» **Exercise details**
Exactly reproduce all the records, keeping pictures out of the copy.

» **Data records**
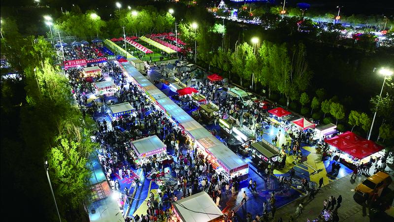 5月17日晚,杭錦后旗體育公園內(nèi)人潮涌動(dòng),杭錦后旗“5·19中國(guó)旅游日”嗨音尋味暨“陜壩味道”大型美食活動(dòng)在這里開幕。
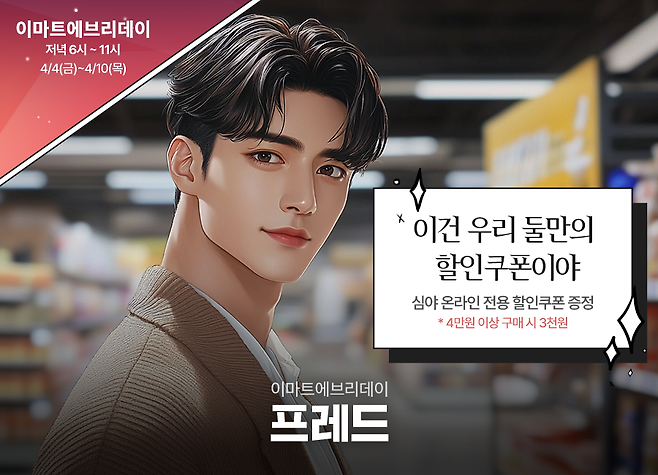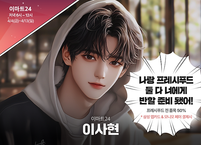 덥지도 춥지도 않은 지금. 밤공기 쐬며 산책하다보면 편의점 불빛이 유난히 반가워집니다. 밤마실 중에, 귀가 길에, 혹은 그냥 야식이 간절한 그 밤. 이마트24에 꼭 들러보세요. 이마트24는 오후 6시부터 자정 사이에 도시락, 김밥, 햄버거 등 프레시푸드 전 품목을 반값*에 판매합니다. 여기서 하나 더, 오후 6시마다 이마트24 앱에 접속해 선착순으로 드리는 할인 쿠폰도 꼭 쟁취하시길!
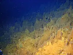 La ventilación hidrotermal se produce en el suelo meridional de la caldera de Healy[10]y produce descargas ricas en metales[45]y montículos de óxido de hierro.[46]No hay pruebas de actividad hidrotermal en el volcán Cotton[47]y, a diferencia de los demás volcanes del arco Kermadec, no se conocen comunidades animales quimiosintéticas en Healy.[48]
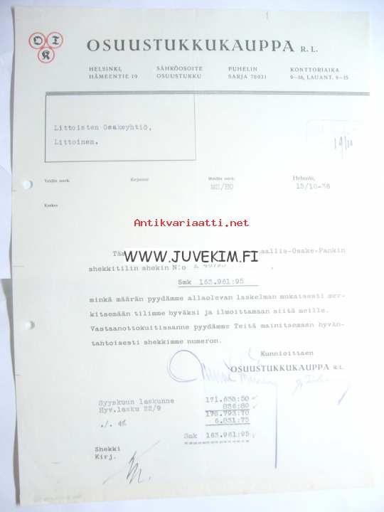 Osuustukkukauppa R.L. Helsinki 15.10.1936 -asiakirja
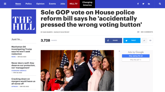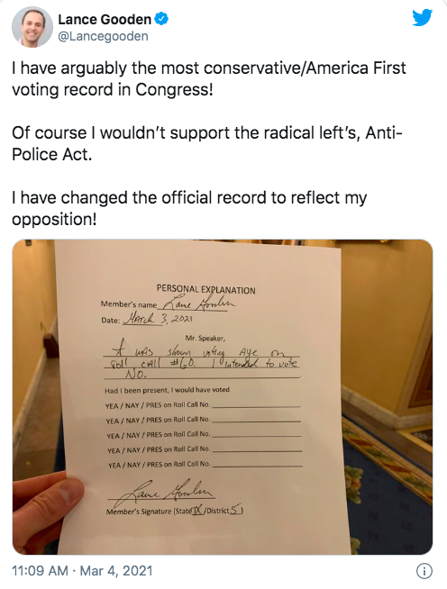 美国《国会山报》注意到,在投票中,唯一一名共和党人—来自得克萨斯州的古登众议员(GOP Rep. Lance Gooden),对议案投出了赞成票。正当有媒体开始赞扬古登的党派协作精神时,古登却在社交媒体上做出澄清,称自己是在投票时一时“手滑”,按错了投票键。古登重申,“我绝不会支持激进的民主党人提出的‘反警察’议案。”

» **Response below**
 5月17日晚,杭錦后旗體育公園內(nèi)人潮涌動(dòng),杭錦后旗“5·19中國(guó)旅游日”嗨音尋味暨“陜壩味道”大型美食活動(dòng)在這里開幕。
 덥지도 춥지도 않은 지금. 밤공기 쐬며 산책하다보면 편의점 불빛이 유난히 반가워집니다. 밤마실 중에, 귀가 길에, 혹은 그냥 야식이 간절한 그 밤. 이마트24에 꼭 들러보세요. 이마트24는 오후 6시부터 자정 사이에 도시락, 김밥, 햄버거 등 프레시푸드 전 품목을 반값*에 판매합니다. 여기서 하나 더, 오후 6시마다 이마트24 앱에 접속해 선착순으로 드리는 할인 쿠폰도 꼭 쟁취하시길!
 La ventilación hidrotermal se produce en el suelo meridional de la caldera de Healy[10]y produce descargas ricas en metales[45]y montículos de óxido de hierro.[46]No hay pruebas de actividad hidrotermal en el volcán Cotton[47]y, a diferencia de los demás volcanes del arco Kermadec, no se conocen comunidades animales quimiosintéticas en Healy.[48]
 Osuustukkukauppa R.L. Helsinki 15.10.1936 -asiakirja
 美国《国会山报》注意到,在投票中,唯一一名共和党人—来自得克萨斯州的古登众议员(GOP Rep. Lance Gooden),对议案投出了赞成票。正当有媒体开始赞扬古登的党派协作精神时,古登却在社交媒体上做出澄清,称自己是在投票时一时“手滑”,按错了投票键。古登重申,“我绝不会支持激进的民主党人提出的‘反警察’议案。”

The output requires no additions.